Один из них, комендор Дорофей Кошуба, ворвался в капитанскую рубку и, оттолкнув командира, прокричал в рупор машинного отделения приказ: "Стоп пары!" Другой, машинист Денига, принял приказ и передал его машинной команде. Матросы "Георгия Победоносца" радостно приветствовали действия смелых товарищей. Они ждали, что сейчас остановятся и другие броненосцы и восстание будет всеобщим. Но пока "Георгий" разговаривал по семафору с "Потёмкиным", эскадра скрылась за горизонтом.
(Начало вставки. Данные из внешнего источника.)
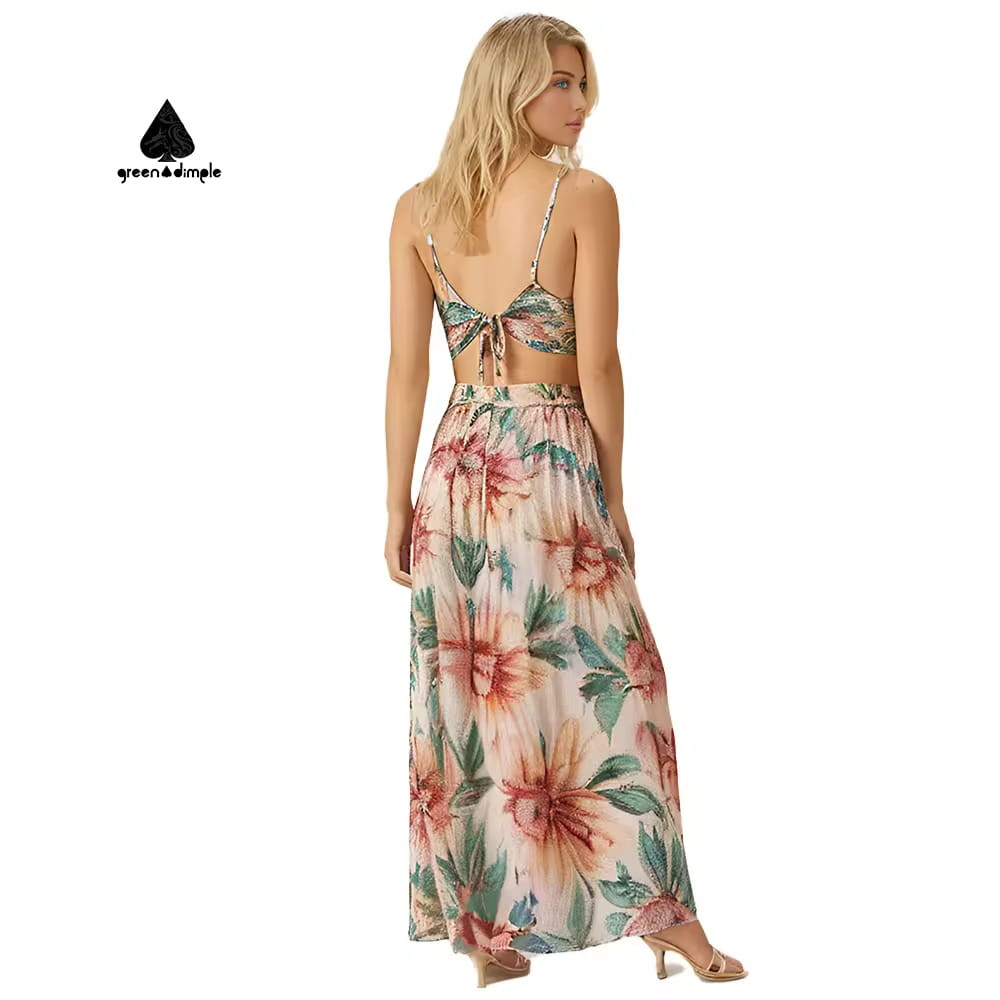 Elevate your summer collection with this elegant printed top and skirt set for women. Designed with a lightweight suspender top and a flowing long skirt, this two-piece outfit delivers a perfect balance of comfort and feminine style, ideal for warm-weather fashion.

Исчезла надежда на всеобщее восстание.

Команда "Георгия" растерялась. В матросах всегда воспитывалось сознание единства и неделимости флота. Всем флотом они ничего и никого не боялись.
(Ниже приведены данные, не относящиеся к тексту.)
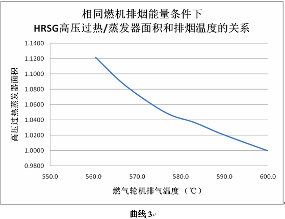 由于燃氣輪機排煙溫度下降,導致余熱鍋爐高壓過熱器和蒸發器的傳熱溫差下降,余熱鍋爐的高壓過熱器和蒸發器的換熱面積就需要增加,從而導致余熱鍋爐造價的增加。下圖曲線3是在相同燃機排煙能量的條件下,HRSG高壓過熱器和蒸發器的換熱面積和燃氣輪機排煙溫度的關系曲線。

Оставшись одни, георгиевцы почувствовали себя одинокими. Силу народа они тогда ещё не осознали; силу флота знали хорошо. Правда, с ними был "Потёмкин", но самим фактом восстания он как бы вывел сам себя из состава флота. Без эскадры "Потёмкин" был, в их представлении, обречён на гибель.

Матюшенко, Кулик и Кирилл, поднявшись на "Георгий", обратились к команде с речами. Их сочувственно слушала сотня матросов. Остальные стояли в отдалении. Одна группа матросов прерывала потёмкинцев криками: "Не желаем к "Потёмкину", "Идём в Севастополь". Офицеры сгрудились на штормовом мостике. Один из них застрелился, другой пытался даже вступить в полемику с Куликом. Георгиевцы не решались арестовать их. Денига, Кошуба и ещё несколько георгиевцев умоляли потёмкинцев: "Действуйте скорее! Действуйте, а то офицеры собьют команду!" Тогда-то Матюшенко и отправил нам требование о присылке потёмкинского караула для ареста офицеров. Однако ещё до прибытия караула он вместе с Кириллом и Дымченко отправился на капитанский мостик. Эта тройка смелых людей и арестовала двадцать офицеров "Георгия", которые без всякого сопротивления сдали оружие и сняли погоны.

Глава XXII
"У нас дело плохо"

Вместе с арестованными офицерами с "Георгия" уехали Кирилл и Матюшенко.

Командиром корабля матросы "Георгия" избрали кондуктора Кузьменко.

Я спросил матросов, чем они руководствовались в своём решении. Они заявили мне, что только один Кузьменко хорошо знает корабль и может вести его.

Достаточно было взглянуть на нового командира, чтобы понять, с кем имеешь дело.

В нём сразу чувствовался враг - решительный и непримиримый.

Собрали команду. Начались выборы комиссии. Стали выкрикивать имена. Без всякого обсуждения команда подхватывала их. Пришлось объяснить георгиевцам, что в комиссию должны пройти самые достойные, самые смелые, самые самоотверженные. Матросы, разобравшись, выбрали новую комиссию.

Был уже вечер, когда выборы закончились. К нам подошли матросы Денига и Кошуба - весь революционный актив корабля.

- У нас дело плохо, - откровенно сознался Денига. - Ребята сомневаются, сверхсрочные шкуры орудуют...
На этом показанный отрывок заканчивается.